*Exercise objective:* Retype exactly what appears below from the line containing "По сообщениям польского" down to the line containing "最高級★定価9万超 ビジネスシューズ メンズ", keeping both end lines. Do not include pictures.

[Data records]
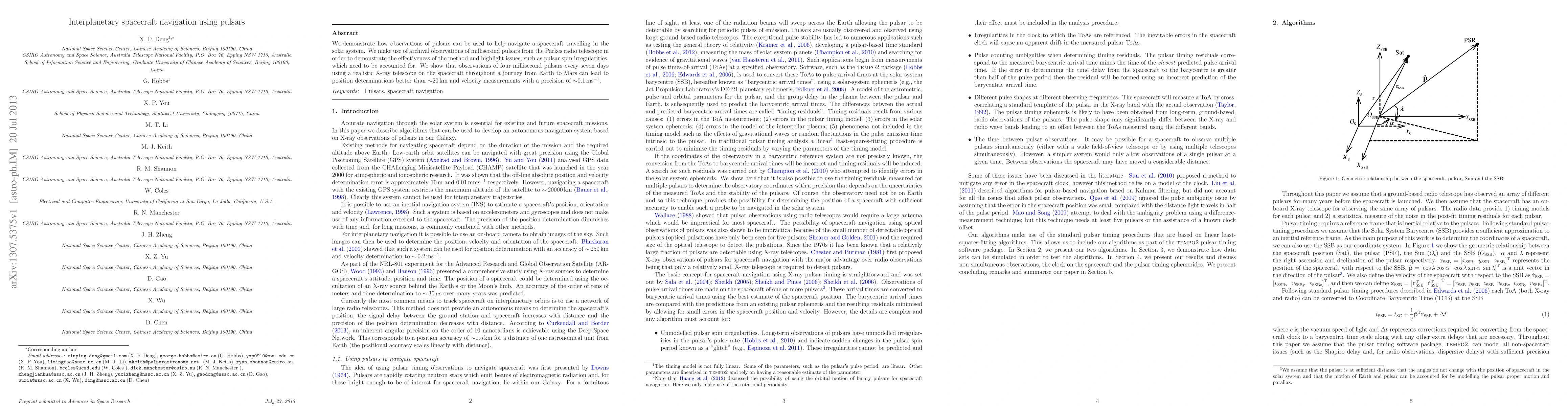 The paper presents algorithms and a simulation framework for pulsar-based spacecraft navigation, including the handling of red timing noise and clock drift.
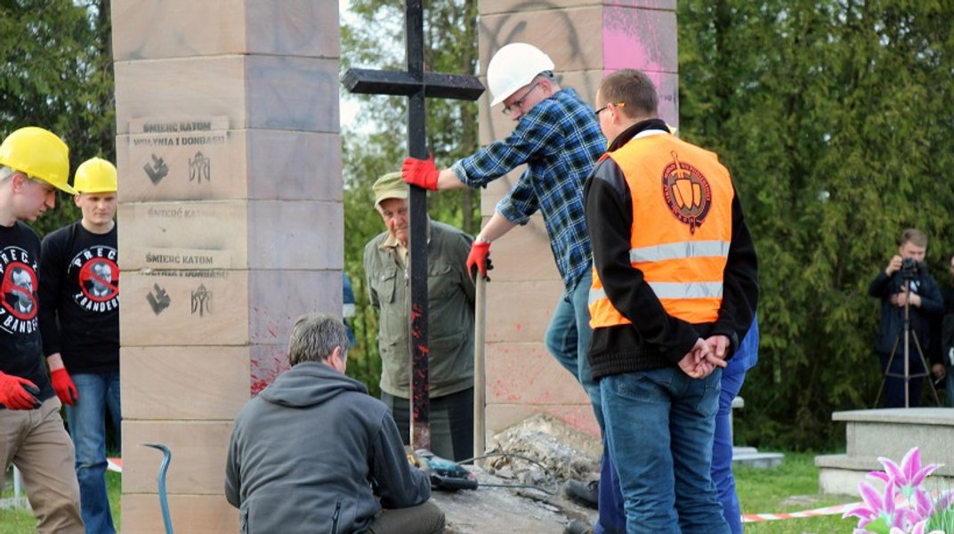По сообщениям польского сайта, памятник демонтировали члены польских националистических организаций по разрешению местной власти как "нелегально установленный".
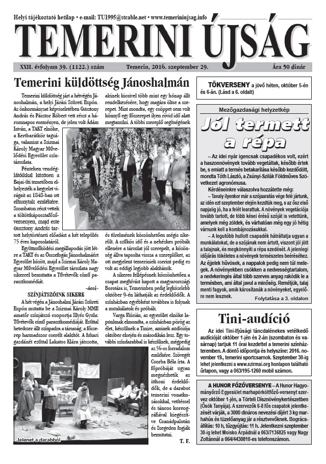 Temerini Újság, 22. évf. 2016. szeptember 29. 39. sz.
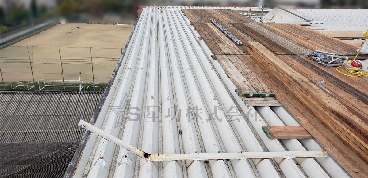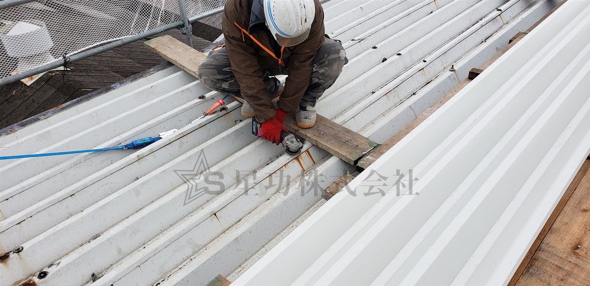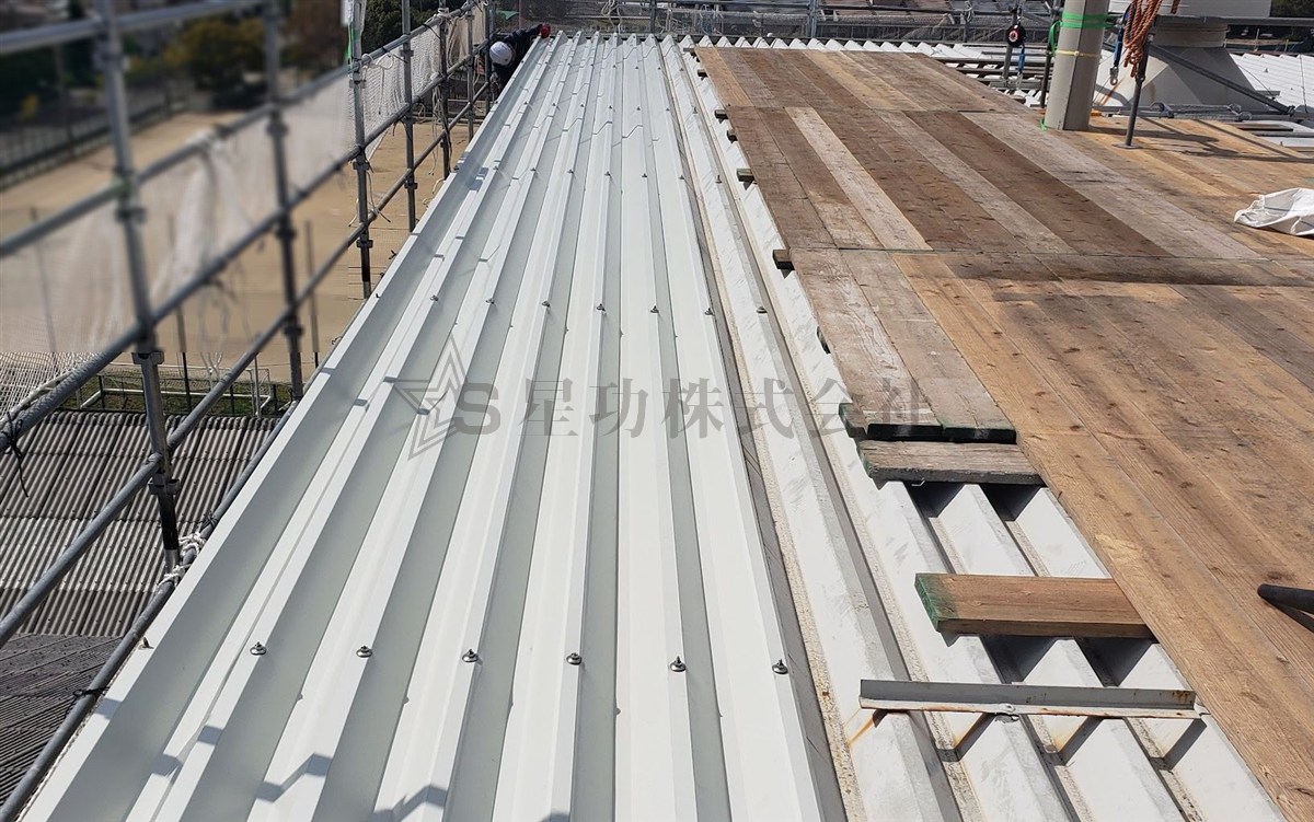 今回の工事では、老朽化した折板屋根の一部を撤去し、新しい屋根材へ交換しました。
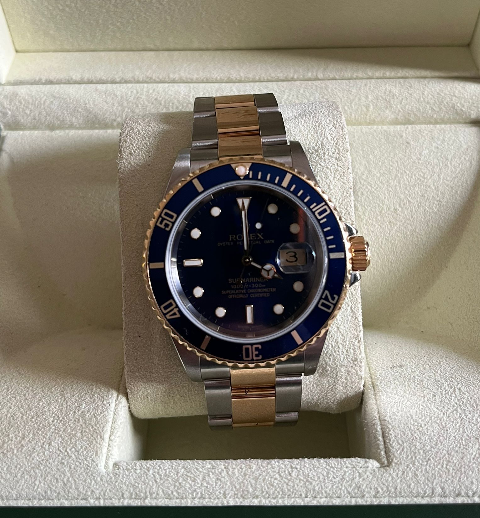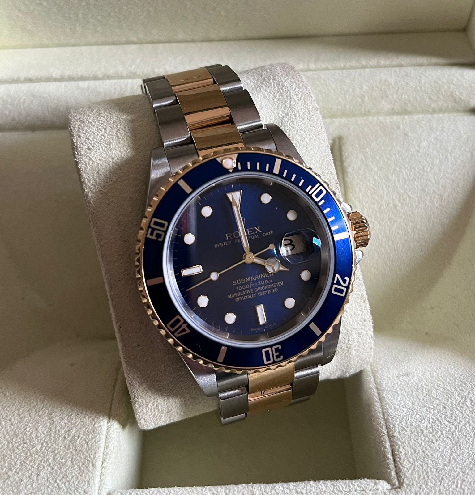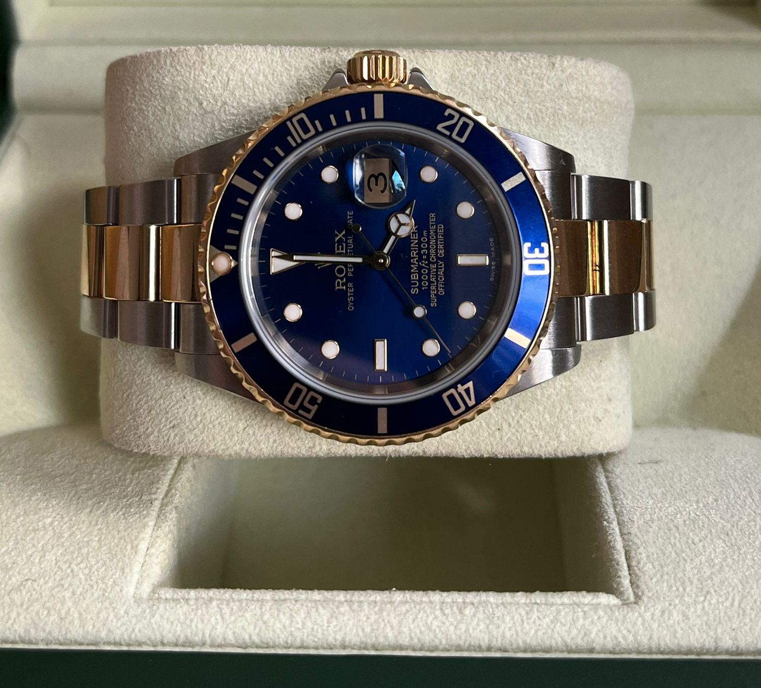 This stunning Rolex Submariner Date ref. 16613LB is presented in the iconic blue and yellow gold “Bluesy” configuration—one of the most recognizable and sought-after versions within the Submariner collection. The vibrant blue dial and matching blue bezel, combined with the rich yellow gold accents and robust stainless steel and gold Oyster bracelet, create a perfect balance between sporty character and unmistakable luxury. This example is dated 2007 and is offered with the original Rolex box, along with service papers from Tempus dated January. A fantastic opportunity to acquire a highly desirable Submariner in an attractive and well-documented configuration.⸻
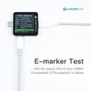 E-marker Cable Test It can test if your USB-C cable has an E-marker chip. By reading the E-marker chip information inside the cable, you can obtain the maximum power, transfer speed, and other information.
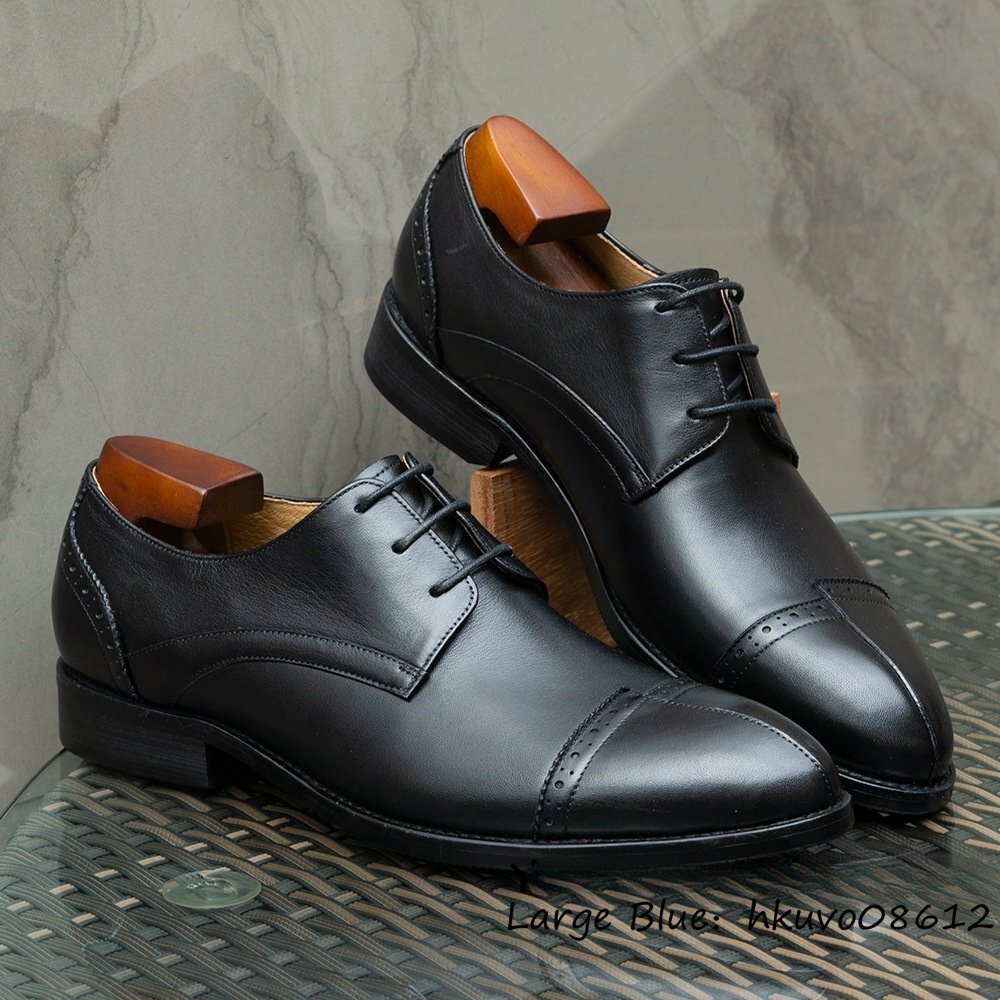 最高級★定価9万超 ビジネスシューズ メンズ 本革 レザーシューズ 職人手作り 彫り 紳士靴 高級牛革 超希少 革靴 結婚式 ブラック 27.5cm
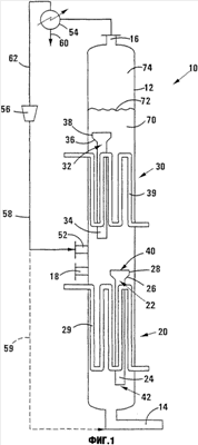 Легкие углеводородные продукты, такие как C20 и более низкие фракции, отводятся из реактора через выпускное отверстие 16 и направляются в блок сепарации 54. Обычно блок сепарации 54 включает ряд холодильников и парожидкостной сепаратор, и, возможно, может включать дополнительные холодильники и сепараторы, а также криогенное устройство для удаления водорода, монооксида углерода, метана и диоксида углерода из C20 и более низких углеводородных фракций. Можно использовать и другие технологии разделения, такие как метод мембранных блоков, качающие адсорбционные модули и/или блоки удаления углекислого газа. Разделенные газы, содержащие водород, монооксид углерода и другие газы, подвергаются сжатию и повторному использованию с помощью компрессора 56, создающего поток рециркулированного газа. Конденсированные жидкие углеводороды и реакционная вода отводятся из блока сепарации 54 с помощью линии потока 60 для последующего смешивания.

*Solved problem:*
По сообщениям польского сайта, памятник демонтировали члены польских националистических организаций по разрешению местной власти как "нелегально установленный".
 Temerini Újság, 22. évf. 2016. szeptember 29. 39. sz.
 今回の工事では、老朽化した折板屋根の一部を撤去し、新しい屋根材へ交換しました。
 This stunning Rolex Submariner Date ref. 16613LB is presented in the iconic blue and yellow gold “Bluesy” configuration—one of the most recognizable and sought-after versions within the Submariner collection. The vibrant blue dial and matching blue bezel, combined with the rich yellow gold accents and robust stainless steel and gold Oyster bracelet, create a perfect balance between sporty character and unmistakable luxury. This example is dated 2007 and is offered with the original Rolex box, along with service papers from Tempus dated January. A fantastic opportunity to acquire a highly desirable Submariner in an attractive and well-documented configuration.⸻
 E-marker Cable Test It can test if your USB-C cable has an E-marker chip. By reading the E-marker chip information inside the cable, you can obtain the maximum power, transfer speed, and other information.
 最高級★定価9万超 ビジネスシューズ メンズ 本革 レザーシューズ 職人手作り 彫り 紳士靴 高級牛革 超希少 革靴 結婚式 ブラック 27.5cm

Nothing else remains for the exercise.